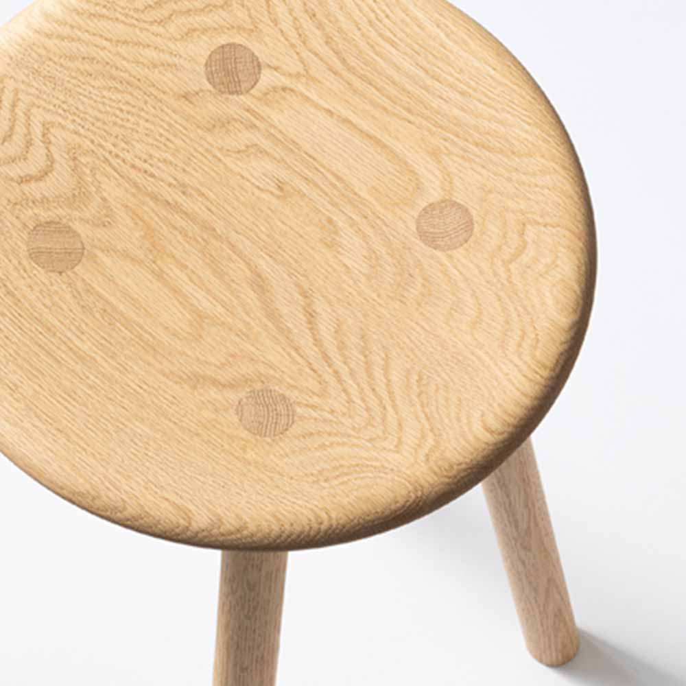 すべてにオークの無垢材を使用したスツール。ダイニングや洗面台など、配置するお部屋や用途によってさまざまな表情を魅せます。シンプルなデザインでミ二マルな空間や、お部屋に木の温もりをプラスしたいときにも活躍します。
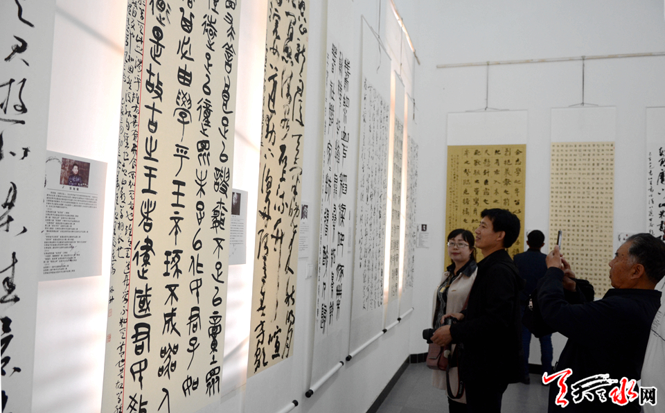 據(jù)悉,此次展覽薈萃了甘谷籍25名中書協(xié)、中美協(xié)會員的書畫作品42件,征集到已故書法家魏學(xué)文、王煥新書法作品4件,甘谷籍中美協(xié)會員趙萬順美術(shù)作品1件,特邀甘谷籍原中國人民解放軍甘肅省軍區(qū)副司令員張臣剛作品1件。
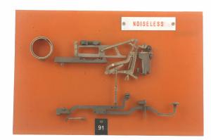 Cinematismo costituito da tre gruppi fondamentali di leverismi: la leva del tasto si collega, tramite un tirante registrabile, ad un'articolata leva centrale che spinge, tramite un tirante, il carrello con il martello portacatteri. I caratteri riportati dal martello sono: "Y", "y" e "7". Il bottone del tasto è in celluloide trasparente con sfondo bianco riportante in nero il carattere "J". Il movimento di ritorno del tasto è guidato da due molle a torsione che agiscono una sulla leva centrale e l'altra sulla leva del tasto. Il cinematismo è fissato ad un pannello in bachelite.
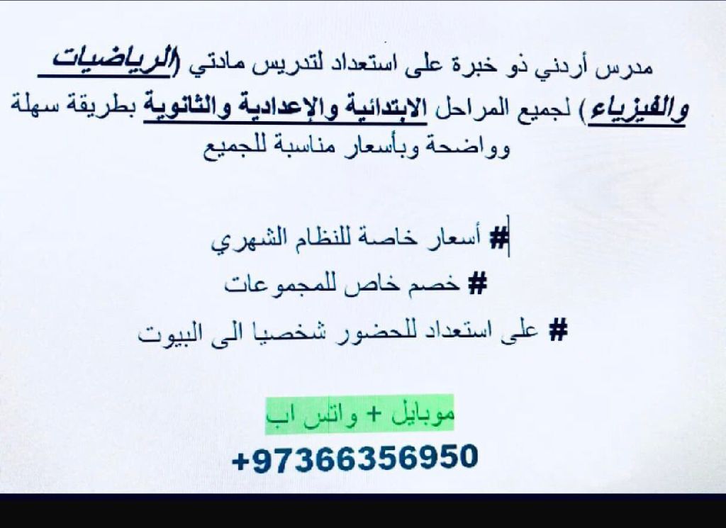 A Jordanian teacher with experience is ready to teach mathematics and physics for all primary, preparatory, and secondary stages at suitable prices for everyone.
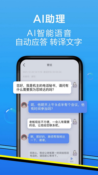【情景接听模式】临时不便接听场景,对来电分级管理,有的正常接听,有的自动拦截并提醒对方原因,通话记录完整呈现。
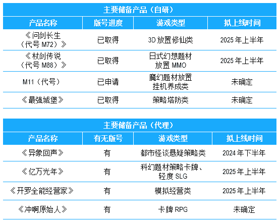 公司储备多款新品,,期待为玩家解锁更多新鲜体验,,,部分产品如下表所示:::

## The task
Retype the whole of the data verbatim. Skip every picture.

## Exercise response
 すべてにオークの無垢材を使用したスツール。ダイニングや洗面台など、配置するお部屋や用途によってさまざまな表情を魅せます。シンプルなデザインでミ二マルな空間や、お部屋に木の温もりをプラスしたいときにも活躍します。
 據(jù)悉,此次展覽薈萃了甘谷籍25名中書協(xié)、中美協(xié)會員的書畫作品42件,征集到已故書法家魏學(xué)文、王煥新書法作品4件,甘谷籍中美協(xié)會員趙萬順美術(shù)作品1件,特邀甘谷籍原中國人民解放軍甘肅省軍區(qū)副司令員張臣剛作品1件。
 Cinematismo costituito da tre gruppi fondamentali di leverismi: la leva del tasto si collega, tramite un tirante registrabile, ad un'articolata leva centrale che spinge, tramite un tirante, il carrello con il martello portacatteri. I caratteri riportati dal martello sono: "Y", "y" e "7". Il bottone del tasto è in celluloide trasparente con sfondo bianco riportante in nero il carattere "J". Il movimento di ritorno del tasto è guidato da due molle a torsione che agiscono una sulla leva centrale e l'altra sulla leva del tasto. Il cinematismo è fissato ad un pannello in bachelite.
 A Jordanian teacher with experience is ready to teach mathematics and physics for all primary, preparatory, and secondary stages at suitable prices for everyone.
【情景接听模式】临时不便接听场景,对来电分级管理,有的正常接听,有的自动拦截并提醒对方原因,通话记录完整呈现。
 公司储备多款新品,,期待为玩家解锁更多新鲜体验,,,部分产品如下表所示:::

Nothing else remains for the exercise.